Yes, managers need to understand the A-Z of strategy: its design, execution, and monitoring.
This blog discusses the last piece of the strategy-management jigsaw – monitoring. Apparently, ‘what gets measured gets managed’; so if strategy is meant to help businesses attain signature value-addition, then businesses have to ensure it’s monitored. When strategy is monitored, managers get serious about its management. And should strategy not be watched, and we know many of you corporates relate to this assertion, it will be left to fossilise on computer hard disks. The result of the latter is the loss of signature value-addition
Strategy is monitored to ensure that businesses’ remain on course to realising intended objectives, but also, to change course should it be necessary. Strategy is not cast in stone. It can be tweaked, significantly changed, or abandoned if it’s no longer serving its original purpose. In the absence of effective strategy monitoring, companies may miss telltale signs of strategy dysfunction
If the monitoring piece is fundamental to holistic strategic management, in the same vein, allotting responsibility for strategy monitoring is of equal significance. Companies need to ask and answer the question: ‘who is responsible for monitoring strategy implementation?’. Companies are advised to develop a strategy monitoring system, plus assign Directly Responsible Individuals (DRI’s) in charge of monitoring.

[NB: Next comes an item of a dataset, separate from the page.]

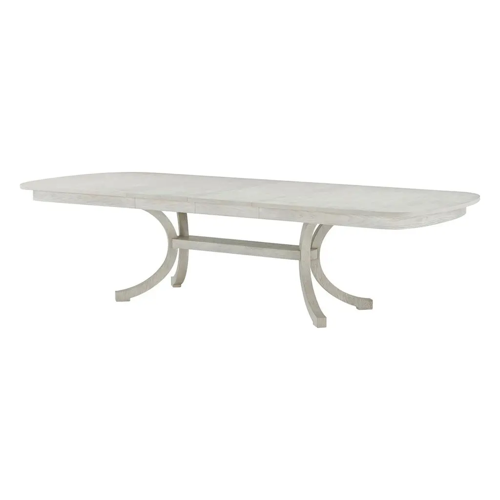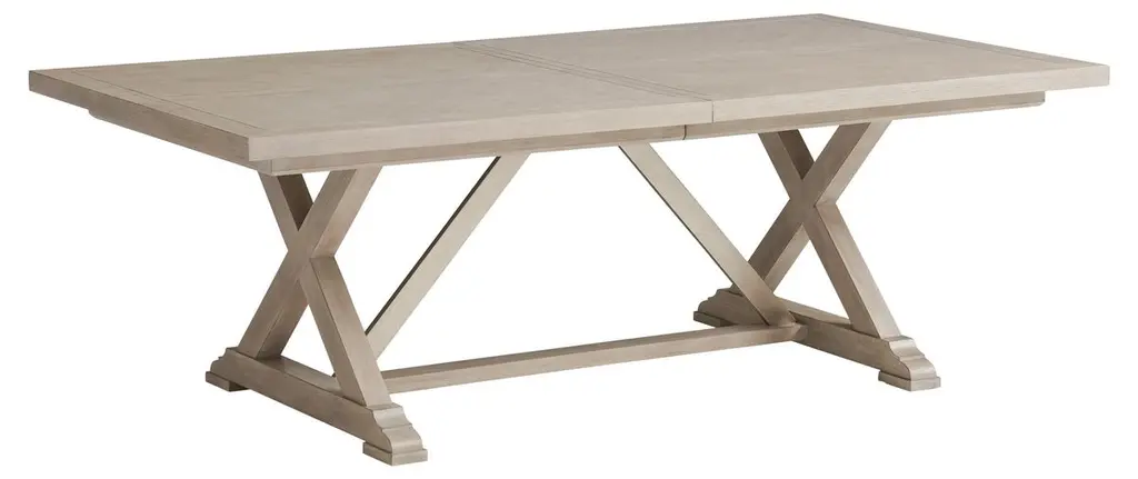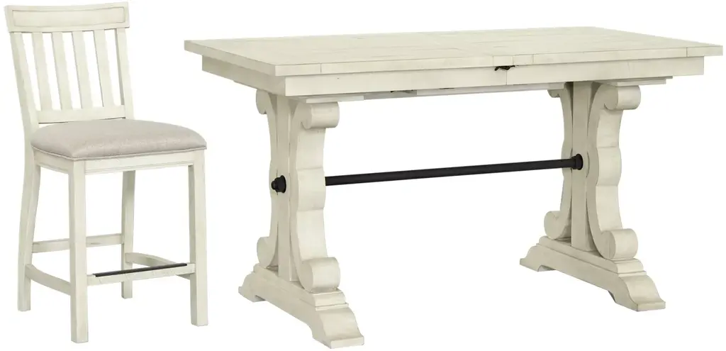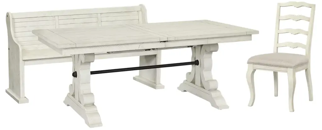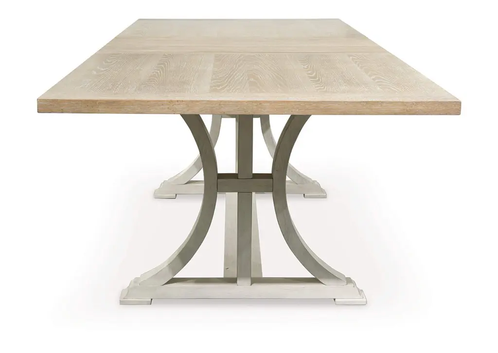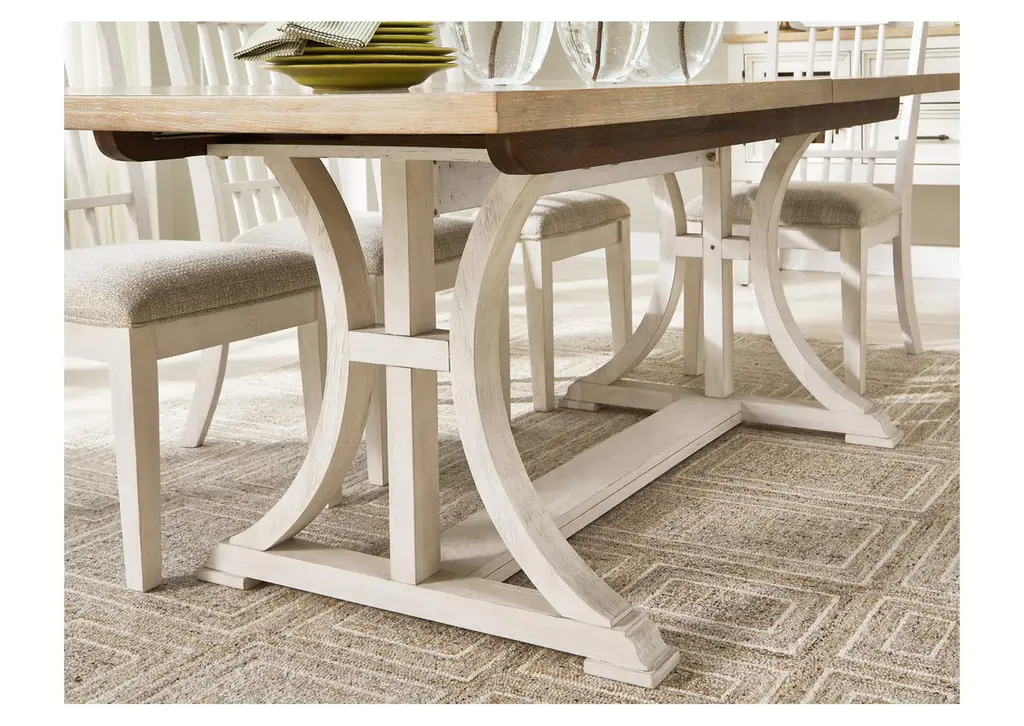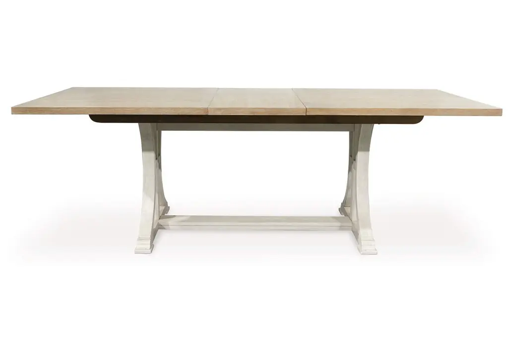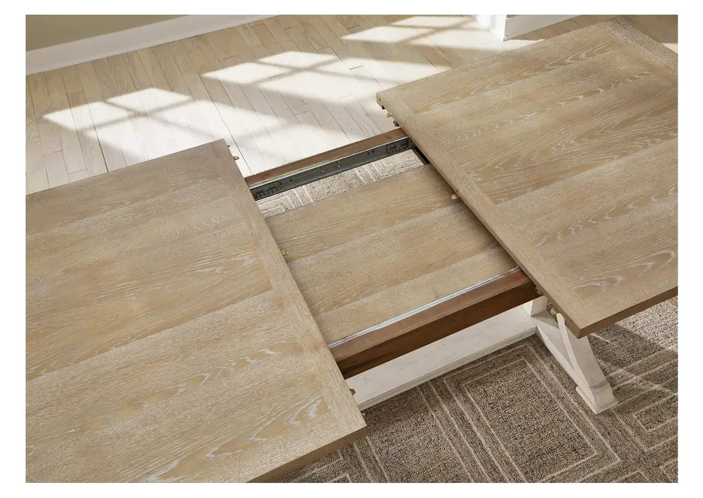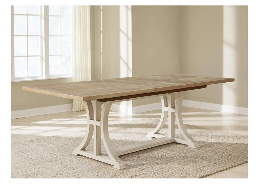 The Shaybrock extension dining table elevates the art of modern farmhouse design. Its charming two-tone aesthetic blends antiqued white and light grayish brown finishes for a feeling of relaxed comfort, while the stylish double trestle base adds a distinctive touch. An extension leaf means there's always room for more guests. Now your only worry is what to serve for dinner. Weight 165.000 lbs. (74.25kgs.)
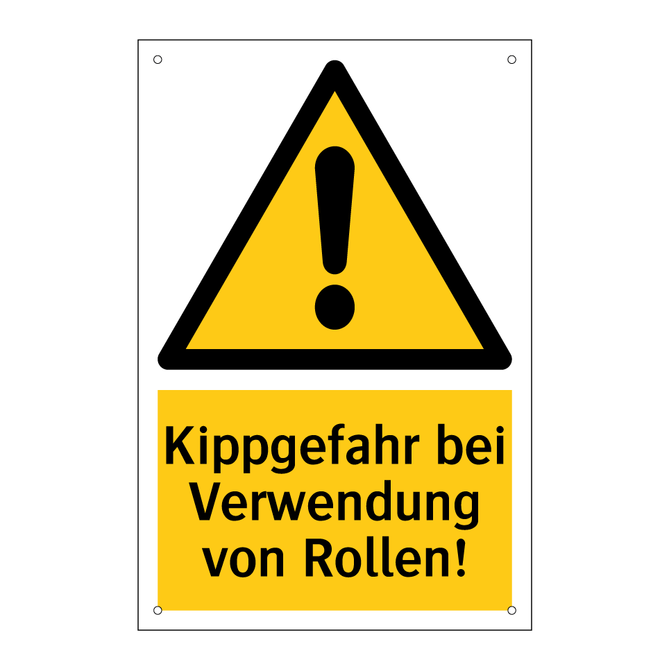 Warnschild mit dem Text Kippgefahr bei Verwendung von Rollen!

Strategy monitoring tools can be a simple excel sheet; a dashboard with a traffic light signal system – Green is done, Yellow is Work in Progress, and Red is delayed or not done; or more sophisticated academic tools like Kaplan & Norton’s balanced score card, etc.
Whatever tool companies decide to use, it ought to be noted that strategy monitoring systems are built on two main drivers:
1. What needs to be delivered – the action
2. The Key Performance Indicators (KPI’s) – the evidence
Companies need to define precisely what needs to be delivered as well as the proof of delivery (different from KPI’s). Also, companies need to monitor priorities as well as strategy-outcomes against the agreed KPI’s. In effect, companies have to ask the question: ‘Are KPI’s translating into expected effects?’. The effects may be the bottom line target or wealth creation targets for the for-profit firms or impact on people well-being for the not-for-profit peers.
Clearly, ‘delivery/action’ and the ‘measurement-of-success’ are critical variables in any strategy monitoring system
Key questions to ask when monitoring strategy:
According to managementhelp, the questions below can help companies to monitor and evaluate the status of implementation of the strategic plan:
1. Are goals and objectives being achieved or not? If they are, then acknowledge, reward and communicate the progress. If not, then consider the following questions.
2. Will the goals be achieved according to the timelines specified in the plan? If not, then why?
3. Should the deadlines for completion be changed (be careful about making these changes — know why efforts are behind schedule before times are changed)?
4. Do personnel have adequate resources (money, equipment, facilities, training, etc.) to achieve the goals?
5. Are the goals and objectives still realistic?
6. Should priorities be changed to put more focus on achieving the goals?
7. Should the goals be changed (be careful about making these changes — know why efforts are not achieving the goals before changing the goals)?
8. What can be learned from our monitoring and evaluation to improve future planning activities and also to improve future monitoring and evaluation efforts?
When companies realise that strategy implementation is not going to plan, there should be no cause for alarm. Companies should pause and reflect, understand the cause and effect dynamics, and either tweak, significantly change, or abandon strategy altogether. It’s okay to modify or give up a strategy than continuing to implement a botched strategy only to fail at the end.
Companies rarely remember to celebrate success when the implementation is going to plan. Please, learn to appreciate teams and individuals that contribute more than the others to signature value-addition.
The above is integral to the Effectiveness lab’s bionic-entity theory – corporate success accrues from the simultaneous application of multiple Organisational Vitals (OV’s) to management situations. In this case: smart Leadership, Strategy, and People.